Single by George Hamilton IV

from the album Abilene
- B-side: "Oh So Many Years"
- Released: May 1963
- Genre: Country
- Label: RCA
- Songwriters: Bob Gibson John D. Loudermilk Lester Brown
- Producer: Chet Atkins

George Hamilton IV singles chronology
| "In This Very Same Room" (1963) | "Abilene" (1963) | "There's More Pretty Girls Than One" (1963) |

= Abilene (song) =

"Abilene" is a song written by Bob Gibson, Lester Brown and John D. Loudermilk, and recorded by American country music artist George Hamilton IV. In the summer of 1963, the song reached number one for four weeks on the U.S. country music chart, and peaked at number 15 on the pop music charts. George Hamilton IV performed "Abilene" in the 1963 movie Hootenanny Hoot.

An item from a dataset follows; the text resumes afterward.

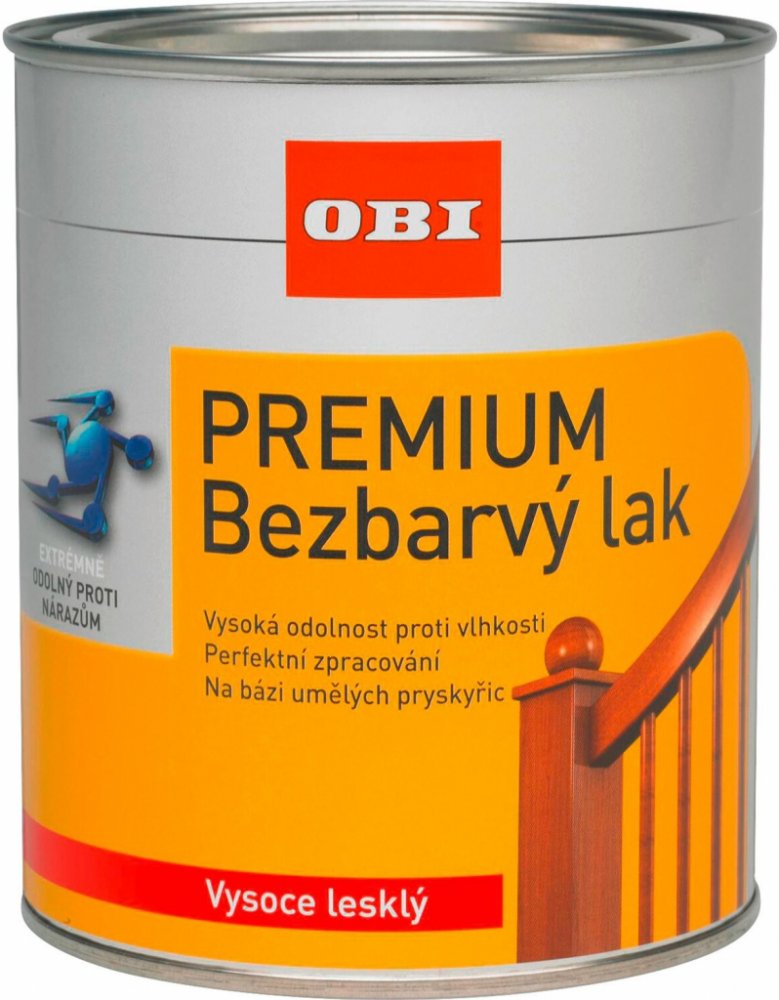 Kvalitní vysoce lesklý bezbarvý lak na bázi umělé pryskyřice pro bezbarvé, odolné nátěry dřevěného nábytku, jako jsou např. stoly, židle atd., pro vnitřní i venkovní použití. OBI Premium bezbarvý lak neobsahuje aromáty, snadno se aplikuje, má velmi dobrou roztíratelnost a je odolný proti nárazům a úderům. Lze jej také použít na jiné dřevěné povrchy, jako např. dřevěné obložení, dveře, apod., nebo ve formě bezbarvého ochranného nátěru na lakovaných plochách. Obsah vystačí na cca 8 m2.

==Background and writing==
Bob Gibson was inspired to write the song after watching the Randolph Scott film Abilene Town. The setting for the film is Abilene, Kansas, the trailhead town at the end of the Chisholm Trail. Gibson said the song had often been erroneously thought to be about Abilene, Texas, named for the Kansas cowtown that had been established 24 years earlier but a much larger city.

== Chart performance ==

| Chart (1963) | Peak position |
|---|---|
| US Hot Country Songs (Billboard) | 1 |
| U.S. Billboard Hot 100 | 15 |
| US Adult Contemporary (Billboard) | 4 |
| Canada (CHUM Chart) | 9 |

==Later versions==
"Abilene" was recorded by Sonny James fourteen years later in 1977. His version became a hit on the Country charts, reaching No. 24 in the U.S. and No. 16 (for two weeks) in Canada.
In 1999, The Mudballs included the song on their C. Of Love album. Bobby Bare recorded a version of the song for his 1963 album, 500 Miles Away from Home.